I mentioned last post about how I’ve been trying to not use my phone when I’m doing social stuff, because I want to be a part of things. It’s harder than you’d think, because we’re so conditioned now to document every meal and moment, and to take and re-take photos to prove our spontaneity. There’s a place for this, yes, but for me? I’m trying to be more in the moment.
But sometimes, I really do not like the moment.
This morning was the icing on a particularly nasty cake I’ve been baking for a while now. I was running late for a cycle class, and I do not cope with being late. So I took what I thought was a shortcut, and found myself going straight past the gym. I turned around and promptly repeated the exact same sequence of turns, and again… going straight past the gym.
As I sat at the lights waiting to do a third u-turn, I heard myself say something. Actually, it was pretty loud. Chances are the person waiting at the lights next to me also heard it.
One thing I am good at doing is talking to myself in ways that I wouldn’t dare or even dream of talking to other people. And to prove a point, I have turned what I said into a beautiful meme:
And looking at those words, I feel ashamed of myself. I would unleash total fury at anyone who dared to use those words towards someone I love. Even towards someone I don’t know. You don’t talk to people like that, not in my world.
Except… I do. To myself.
And I’m sitting here, writing this, and I just want to cry. Because I know I meant it, at the time.
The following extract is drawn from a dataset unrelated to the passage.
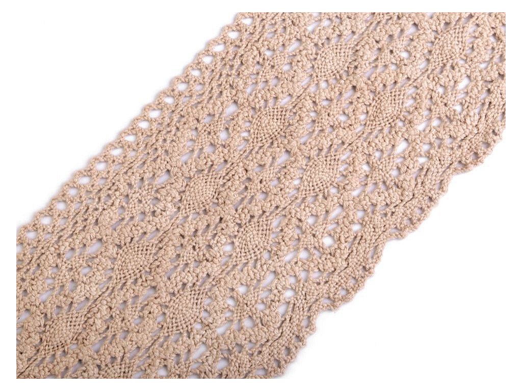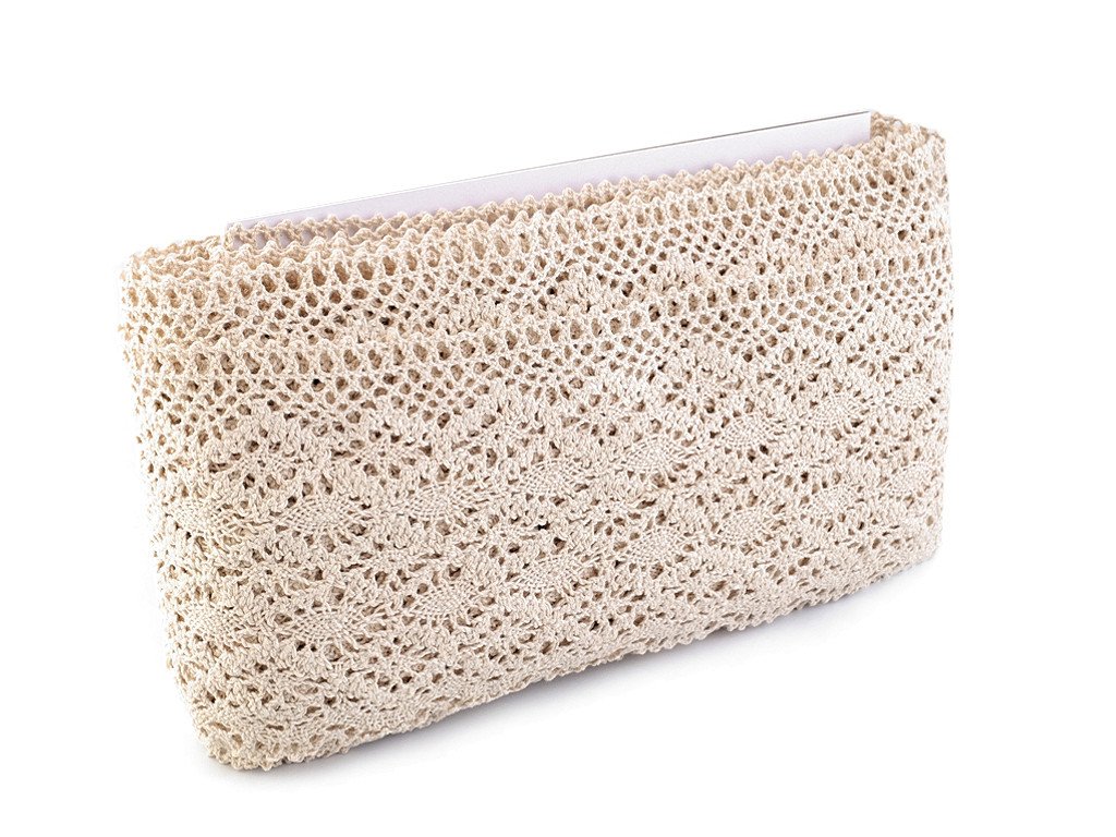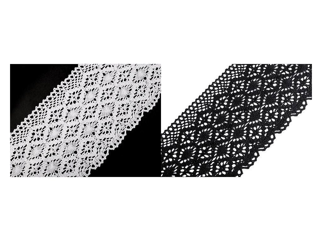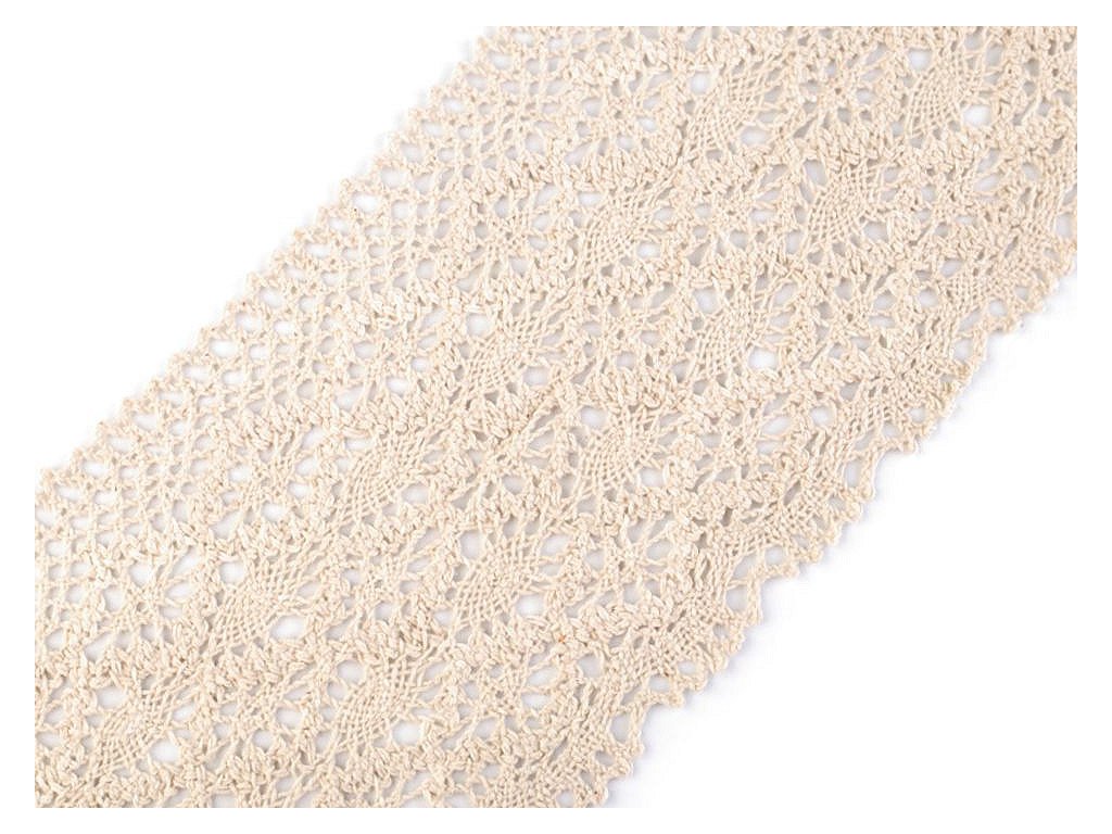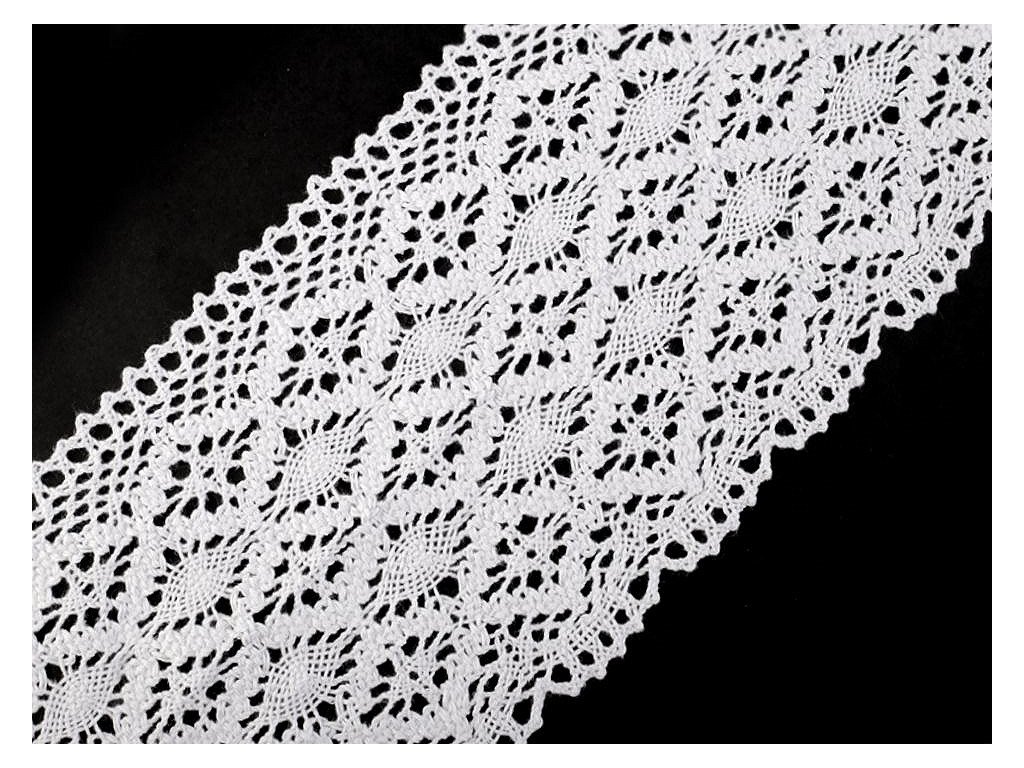 Široká paličkovaná krajka dodá vašim výrobkům a dekoracím nádech vintage stylu. Je pevná, vyrobená z kvalitní bavlny.

When I eventually got to the gym, I pushed myself through a big cardio workout, because I’d totally and utterly missed the class I wanted to go to. I was stretching afterwards, and a woman who’s become a good friend plopped herself down opposite me to chat.
We talked about time. About how moments are so important, and without investing in the importance of time – instant, immediate, now time – life kind of loses meaning.
It reminded me of a conversation I had last night, where again time was the topic. Don’t rush time, don’t force yourself forwards into things you can’t possibly predict the best outcome. Don’t worry about things that you don’t have the information about yet. Just be now. Time.
Which reminded me of a conversation I had on Sunday. Time. Time doesn’t exist, you just have now as your guarantee. Don’t let anxiety mess with now.
I need to remember those words I said to myself. Not because they’re true. But because of the horrific cruelty behind them, that I directed to myself. And I need to remember how I spent that moment, that time. Because life is so fleeting. I cannot put more time into talking that way to myself. Because fuck.
I might hear me.
I thought about things that I have heard other people say about me.
There comes a point where you can make a choice.
And I choose moments. I choose now.
And as hard as it’s going to be to change the thought patterns of a lifetime, I choose to remember that I have done something amazing. That I am strong.
And that I am about to help other people set themselves free.